Two Black Holes Orbiting Each Other Are Surprisingly Close to Earth
The pair of supermassive black holes each weighs more than a million times the mass of our sun.
LIGO/Caltech/MIT/Sonoma State (Aurore Simonnet)
By Avery Thompson
In early 2016, a group of scientists from the LIGO observatory made an incredible announcement: They had detected gravitational waves—ripples in the fabric of spacetime—from the collision of two supermassive black holes in another galaxy. This discovery was momentous not only because long-sought gravitational waves finally had been discovered, but also because nobody had ever seen two supermassive black holes orbiting close together before.
Since that announcement, a few groups of astronomers have discovered more supermassive black hole pairs.
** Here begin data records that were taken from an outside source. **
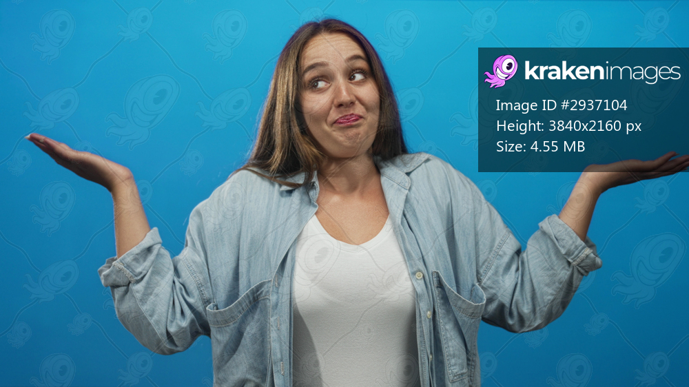 Woman with palms up shrug gesture against blue studio wall wearing white tank and denim shirt; uncertainty.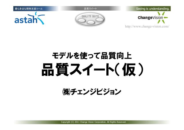 品質スイート モデルを使って品質向上 品質スイート(仮) Copyright (C) 2011 Change Vision Corporation. All Rights Reserved. 品質スイート(仮) ㈱チェンジビジョン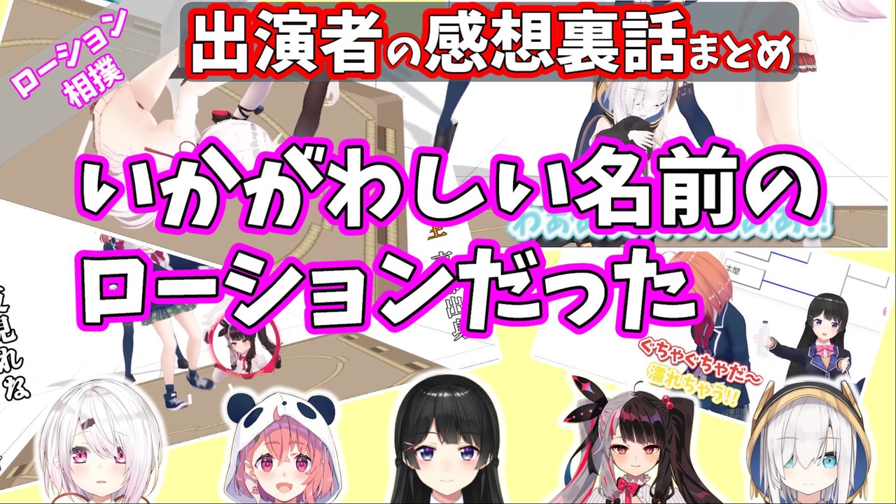 『第一回』はこれから助かる予感<br><br><a href="#" class="seekTime" data-seekTime="0:00" onclick="seekNicoPlayer('#0:00'); return false;">#0:00</a> 月ノ美兎<br><a href="#" class="seekTime" data-seekTime="1:12" onclick="seekNicoPlayer('#1:12'); return false;">#1:12</a> 笹木咲<br><a href="#" class="seekTime" data-seekTime="1:54" onclick="seekNicoPlayer('#1:54'); return false;">#1:54</a> 椎名唯華<br><a href="#" class="seekTime" data-seekTime="2:38" onclick="seekNicoPlayer('#2:38'); return false;">#2:38</a> アルスアルマル<br><a href="#" class="seekTime" data-seekTime="4:12" onclick="seekNicoPlayer('#4:12'); return false;">#4:12</a> 夜見れな<br>※企画側のほんひまもいれたかったけど編集時点で見つからなかったすまんこの動画で勘弁してください<br>【追記】<br>有識者のおかげでほんひま見つけたので再編集&追加版作成しました→<a href="https://www.nicovideo.jp/watch/sm38083487" class="watch">sm38083487</a><br><br><br>◆第一回 Vtuber女子 ローション相撲大会<br><a href="https://www.youtube.com/watch?v=93qo-YWSdQE" target="_blank" rel="noopener nofollow">https://www.youtube.com/watch?v=93qo-YWSdQE</a><br><br>◆元動画<br>色褪せた世紀末を散歩しながら雑談する【Skyrim/にじさんじ/月ノ美兎】<br><a href="https://www.youtube.com/watch?v=U0bmg8e9LlQ" target="_blank" rel="noopener nofollow">https://www.youtube.com/watch?v=U0bmg8e9LlQ</a><br><br>ドラクエのカジノに行って豪遊やよ!【にじさんじ/笹木咲】<br><a href="https://www.youtube.com/watch?v=Wj5o6-v9WqY" target="_blank" rel="noopener nofollow">https://www.youtube.com/watch?v=Wj5o6-v9WqY</a><br><br>【雑談】ゴリスナー総会☆彡今年もみんなでたのしむぞ!【椎名唯華にじさんじ】<br><a href="https://www.youtube.com/watch?v=v5cUeUgStYg" target="_blank" rel="noopener nofollow">https://www.youtube.com/watch?v=v5cUeUgStYg</a><br><br>58【Minecraft 】あの~おみくじ1つください season2【アルス・アルマル/にじさんじ】<br><a href="https://www.youtube.com/watch?v=mEa7lrY3yu4" target="_blank" rel="noopener nofollow">https://www.youtube.com/watch?v=mEa7lrY3yu4</a><br><br>【 minecraft 】初詣をした後、鳩時計の建築を進める【夜見れな/にじさんじ】<br><a href="https://www.youtube.com/watch?v=w4Mi7lqD0iE" target="_blank" rel="noopener nofollow">https://www.youtube.com/watch?v=w4Mi7lqD0iE</a><br><br><span style="color: #b7b7b7;">▷</span><span style="color: #b7b7b7; font-size: 10px;">Vつべの助かる切り抜き(YouTube)→<a href="http://www.youtube.com/channel/UCTk7oeLeSCOO4Kb14-pHWYA" target="_blank" rel="noopener nofollow">http://www.youtube.com/channel/UCTk7oeLeSCOO4Kb14-pHWYA</a></span>

And now scientists from Pune University in India and Rochester Institute of Technology have spotted the closest pair yet. The newly discovered black holes are a mere 400 million light-years away, in a galaxy called NGC 7674.
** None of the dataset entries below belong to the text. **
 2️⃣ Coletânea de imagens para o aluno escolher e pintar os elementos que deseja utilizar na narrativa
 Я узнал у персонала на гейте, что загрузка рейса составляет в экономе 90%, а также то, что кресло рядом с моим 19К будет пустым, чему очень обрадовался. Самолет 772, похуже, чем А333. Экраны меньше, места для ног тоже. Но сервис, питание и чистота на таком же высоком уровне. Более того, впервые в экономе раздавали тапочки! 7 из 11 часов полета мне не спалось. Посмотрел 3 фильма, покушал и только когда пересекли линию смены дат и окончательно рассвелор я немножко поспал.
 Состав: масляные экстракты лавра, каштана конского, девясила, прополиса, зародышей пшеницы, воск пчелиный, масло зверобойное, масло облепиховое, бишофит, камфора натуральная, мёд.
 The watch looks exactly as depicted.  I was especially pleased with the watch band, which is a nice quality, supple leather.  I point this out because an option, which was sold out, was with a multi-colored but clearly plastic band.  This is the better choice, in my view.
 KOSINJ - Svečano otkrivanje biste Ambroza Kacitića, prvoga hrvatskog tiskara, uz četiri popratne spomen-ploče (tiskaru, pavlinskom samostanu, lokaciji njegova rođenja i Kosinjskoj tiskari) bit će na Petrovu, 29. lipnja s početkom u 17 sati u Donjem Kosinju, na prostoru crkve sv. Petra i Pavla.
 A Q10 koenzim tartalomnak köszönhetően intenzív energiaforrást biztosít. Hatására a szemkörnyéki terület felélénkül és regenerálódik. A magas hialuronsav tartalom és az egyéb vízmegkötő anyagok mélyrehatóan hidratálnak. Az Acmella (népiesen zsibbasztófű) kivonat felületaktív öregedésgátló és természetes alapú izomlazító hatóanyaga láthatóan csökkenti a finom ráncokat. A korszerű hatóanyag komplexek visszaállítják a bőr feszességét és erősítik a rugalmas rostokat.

So 400 million light-years may sound like a lot—it's several thousand times the diameter of our own Milky Way galaxy and dozens of times the distance to Andromeda, the nearest major galaxy to our own. But considering how rare supermassive black hole pairs are, 400 million light-years is surprisingly close.
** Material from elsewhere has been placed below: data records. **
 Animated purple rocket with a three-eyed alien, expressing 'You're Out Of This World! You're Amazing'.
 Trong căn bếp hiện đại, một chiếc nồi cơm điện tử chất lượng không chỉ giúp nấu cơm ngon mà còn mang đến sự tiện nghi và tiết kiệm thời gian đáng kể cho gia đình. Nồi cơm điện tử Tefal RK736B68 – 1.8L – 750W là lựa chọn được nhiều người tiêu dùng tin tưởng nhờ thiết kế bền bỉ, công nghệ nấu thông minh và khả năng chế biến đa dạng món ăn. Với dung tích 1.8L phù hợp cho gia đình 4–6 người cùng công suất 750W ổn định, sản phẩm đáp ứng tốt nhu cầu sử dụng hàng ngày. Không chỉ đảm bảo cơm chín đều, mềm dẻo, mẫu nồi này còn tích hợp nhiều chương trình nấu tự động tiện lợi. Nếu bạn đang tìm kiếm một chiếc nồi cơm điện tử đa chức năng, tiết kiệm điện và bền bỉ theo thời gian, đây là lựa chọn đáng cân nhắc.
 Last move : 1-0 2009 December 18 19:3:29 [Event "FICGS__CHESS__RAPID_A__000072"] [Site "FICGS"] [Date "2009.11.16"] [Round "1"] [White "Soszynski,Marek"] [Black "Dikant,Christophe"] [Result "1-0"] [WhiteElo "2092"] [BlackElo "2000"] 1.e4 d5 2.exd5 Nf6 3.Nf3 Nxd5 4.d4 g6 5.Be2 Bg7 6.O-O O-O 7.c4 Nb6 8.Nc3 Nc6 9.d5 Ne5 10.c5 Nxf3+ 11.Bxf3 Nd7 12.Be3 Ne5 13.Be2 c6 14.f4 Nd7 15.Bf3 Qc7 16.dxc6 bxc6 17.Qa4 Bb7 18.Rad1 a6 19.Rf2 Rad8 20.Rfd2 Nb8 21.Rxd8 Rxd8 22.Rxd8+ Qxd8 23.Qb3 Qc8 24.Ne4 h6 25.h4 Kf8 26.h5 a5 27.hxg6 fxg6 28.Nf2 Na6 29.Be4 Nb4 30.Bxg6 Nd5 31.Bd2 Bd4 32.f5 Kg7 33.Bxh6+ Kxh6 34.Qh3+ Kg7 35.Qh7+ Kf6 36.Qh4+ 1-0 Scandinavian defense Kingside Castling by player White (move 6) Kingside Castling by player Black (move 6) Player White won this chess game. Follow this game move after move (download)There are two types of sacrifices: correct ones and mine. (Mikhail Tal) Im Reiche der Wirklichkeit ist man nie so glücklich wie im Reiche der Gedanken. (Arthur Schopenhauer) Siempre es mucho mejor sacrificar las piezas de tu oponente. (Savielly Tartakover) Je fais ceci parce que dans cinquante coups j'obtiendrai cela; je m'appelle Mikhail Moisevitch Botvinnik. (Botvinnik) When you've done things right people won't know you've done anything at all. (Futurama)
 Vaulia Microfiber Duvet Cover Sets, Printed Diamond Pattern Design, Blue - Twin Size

What's more, these black holes are orbiting remarkably close together, separated by just a single light-year. Again, this might sound like a lot, but each of these black holes is gigantic—about a million times more massive than our sun—and such an orbit is incredibly small. In fact, this is the smallest orbit of two supermassive black holes ever discovered, not counting the colliding black holes spotted at LIGO.
Currently, it takes about 100,000 years for the black holes to orbit each other, but the pair is constantly creating gravitational waves which bleed off some of their energy. Over millions of years, the two black holes will slowly spiral closer together until some day in the very distant future the two will collide, creating a strong gravitational signal.
Hopefully someone will still be around to receive it.